Any question about a housing bubble bursting in the suburbs was answered in 2008.
Home prices dropped in most suburbs last year after they peaked in 2007, and the number of sales again fell precipitously, according to figures from the Illinois Association of Realtors.
In 2007, home sales were down 20 percent in the Chicago area, including both city and suburbs. But average prices were up 4.7 percent. In 2008, sales dropped another 26 percent, while the average price of $311,895 represents a drop of 4.4 percent - almost the same dollar amount it had risen the year before, the Illinois Association of Realtors said.
Prices in the Chicago region have not fallen as much as in areas like Florida, Arizona and Nevada because they never shot up very fast, said Pat Callan, president of the association, adding that some years prices might have climbed 10 percent annually here, compared with 30 or 40 percent in "hot areas."
"We have a very diverse economy, and historically that's how the Midwest has reacted-more stable," said Callan, although he did say that the effect on the housing market is deeper this time than in recent recessions.
In some communities prices fell 20 percent or more, while in a few they actually rose. Industry leaders hope that federal action - including the $8,000 tax credit for first-time home buyers - will help improve things this year.
Right now it is the sale of foreclosed homes that is causing excitement among buyers - inspiring bargain hunters, especially with mortgage interest rates so low. Industry leaders say prices will stabilize only when foreclosures stop and the job market improves.
Distressed sales are not a fair sign of the market, said Sheila Butt, managing broker for Prudential First Realty in Crystal Lake and president of the McHenry County Association of Realtors.
Industry leaders disagree as to what the drop in average prices means.

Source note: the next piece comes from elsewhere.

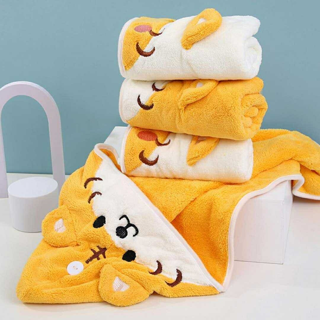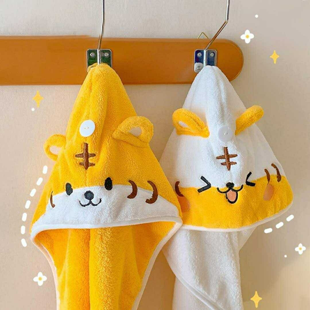 このタオルは、一般的なタオルと違い、速乾性や髪への負担軽減など特徴があり、可愛い虎モチーフでお部屋にもマッチするデザインです。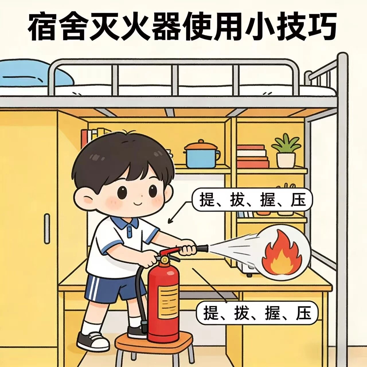 1. 严控易燃易爆品:严禁在寝室内存放汽油、酒精、烟花爆竹等易燃易爆物品;严禁在寝室使用直板夹、电锅等大功率电器;使用花露水、杀虫剂等含易燃成分的日用品时,远离火源、热源,避免密闭空间大量喷洒。

While it could show that some home values have declined, it really means that less expensive homes are the ones that sell, said Steve Hovany, president of Strategy Planning Associates, Inc., based in Schaumburg.
But Callan said home prices actually fell more than the statistics show because people are buying bigger houses for that lower average price.
"The median price doesn't refer to the size of the house," said Callan, an owner of Realty Executives Premier in Wheaton. "It doesn't say they got a four bedroom instead of a three. They are getting more house for their money."
And even though average prices in Barrington Hills rose 40 percent to $1.4 million, while sales also went up 9 percent to 36, Hovany said his research in Lake Forest shows that expensive houses must be heavily discounted to sell.
Many people are postponing purchases to see if the federal bailout will mean more money for them, said Hovany. Sales of existing homes will improve so much this year that even new homes - which trail existing homes during a recovery - will show some progress a year from now, he predicts.
Callan said that areas on the edges of the suburbs where new homes are concentrated are seeing price and foreclosure difficulties. More buyers in these areas bought at the peak of the market, so they could owe more than the homes are worth.
Bob Dohn, secretary-treasurer of the Realtor Association of Northwest the Chicago area, said no matter where they bought, anyone who purchased in recent years and borrowed the majority of the price would be in trouble if they lost their jobs.
An agent with Coldwell Banker in Schaumburg, Dohn said home prices in Hoffman Estates and Schaumburg are a bit ahead of where they were in 2004, which means they lost any gains in later years. He also said it is difficult to generalize from statistics because any subdivision could be doing better or worse than the rest of the area.
Mike Drews, president-elect of the Mainstreet Organization of Realtors in the West, Southwest and South suburbs, said a bit of good news is that pending sales were up both in December and January over the same month a year earlier. He sells real estate with Prudential Doss Real Estate in Oswego.
Donna McQuade, managing broker at Coldwell Banker Primus in Geneva and president of the Realtor Association of the Fox Valley, said she is advising investors if they do buy a home and fix it up to be prepared to rent it for a few years rather than sell it.